国际人工智能联合会议（International Joint Conference on Artificial Intelligence, IJCAI）是人工智能领域中最主要的学术会议之一，原为单数年召开，自2015年起改为每年召开。今年来华人在IJCAI的参与度不断增加，尤其是南京大学的周志华教授将担任 IJCAI-21 的程序主席，成为 IJCAI 史上第一位华人大会程序主席。

欧洲人工智能会议（European Conference on Artificial Intelligence，ECAI）是在欧洲举行的主要人工智能和机器学习会议，始于1974年，由欧洲人工智能协调委员会主办。ECAI通常与IJCAI和AAAI并称AI领域的三大顶会。

今年IJCAI和ECAI两个会议将与7月13日~19日再瑞典首都斯德哥尔摩联合举办。此外，今年IJCAI并未颁发最佳论文、最佳学生论文等奖项，而是一连放出了7篇杰出论文。来自北京大学、武汉大学、清华大学、北京理工大学的研究榜上有名。

杰出论文：

《SentiGAN: Generating Sentimental Texts via Mixture Adversarial Networks》

Ke Wang, Xiaojun Wan

【Abstract】Generating texts of different sentiment labels is get- ting more and more attention in the area of natural language generation. Recently, Generative Adversarial Net (GAN) has shown promising results in text generation. However, the texts generated by GAN usually suffer from the problems of poor quality, lack of diversity and mode collapse. In this paper, we propose a novel framework SentiGAN, which has multiple generators and one multi-class discriminator, to address the above problems. In our framework, multiple generators are trained simultaneously, aiming at generating texts of different sentiment labels without supervision. We pro- pose a penalty based objective in the generators to force each of them to generate diversified examples of a specific sentiment label. Moreover, the use of multiple generators and one multi-class discriminator can make each generator focus on generating its own examples of a specific sentiment label accurately. Experimental results on four datasets demonstrate that our model consistently outperforms several state-of-the-art text generation methods in the sentiment accuracy and quality of generated texts.

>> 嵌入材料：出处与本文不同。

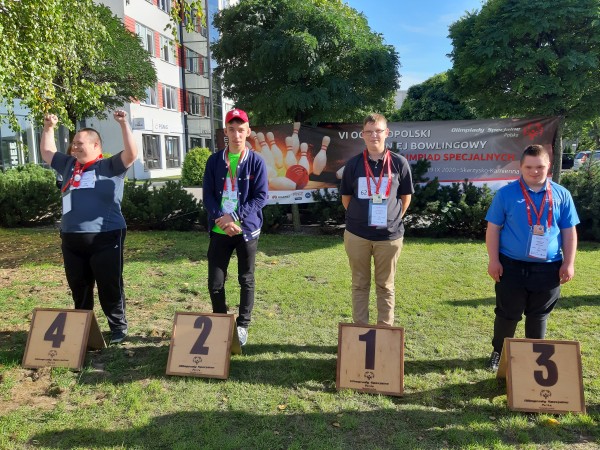 W dniach 17, 18, 19 września br. w Skarżysku Kamiennej koło Kielc, odbył się VI Ogólnopolski Turniej Bowlingowy Olimpiad Specjalnych. Na tę wielką prestiżową imprezę zjechało się aż 80 zawodników z dziesięciu Oddziałów Regionalnych i województw - były to: Beskidzkie, Dolnośląskie, Kujawsko-Pomorskie, Łódzkie, Mazowieckie, Podkarpackie, Śląskie, Świętokrzyskie, Wielkopolskie-Konin i Wielkopolskie-Poznań. Nasz oddział zdobył w sumie 20 medali (w grach pojedynczych i podwójnych), w tym Marek Nawrot z klasy II szkoły przysposabiającej do pracy, dwa - srebrny za grę indywidualną i brązowy za grę deblową. To jak dotąd największy sukces naszego Klubu, jak i samego ucznia, który wrócił do domu w pełni zadowolony i szczęśliwy.

【论文摘要】在自然语言生成领域，不同情感文本的生成受到越来越广泛的关注。近年来，生成对抗网（GAN）在文本生成中取得了成功的应用。然而，GAN 所产生的文本通常存在质量差、缺乏多样性和模式崩溃的问题。在本文中，我们提出了一个新的框架——SentiGAN，包含多个生成器和一个多类别判别器，以解决上述问题。在我们的框架中，多个生成器同时训练，旨在无监督环境下产生不同情感标签的文本。我们提出了一个基于目标的惩罚函数，使每个生成器都能在特定情感标签下生成具有多样性的样本。此外，使用多个生成器和一个多类判别器可以使每个生成器专注于准确地生成自己的特定情感标签的例子。在四个数据集上的实验结果表明，我们的模型在情感准确度和生成文本的质量方面始终优于几种最先进的文本生成方法。

《Reasoning about Consensus when Opinions Diffuse through Majority Dynamics》

Vincenzo Auletta，Diodato Ferraioli，Gianluigi Greco

【Abstract】Opinion diffusion is studied on social graphs where agents hold binary opinions and where social pressure leads them to conform to the opinion manifested by the majority of their neighbors. Within this setting, questions related to whether a minority/majority can spread the opinion it supports to all the other agents are considered. It is shown that, no matter of the underlying graph, there is always a group formed by a half of the agents that can annihilate the opposite opinion. Instead, the influence power of minorities depends on certain features of the given graph, which are NP-hard to be identified. Deciding whether the two opinions can coexist in some stable configuration is NP-hard, too.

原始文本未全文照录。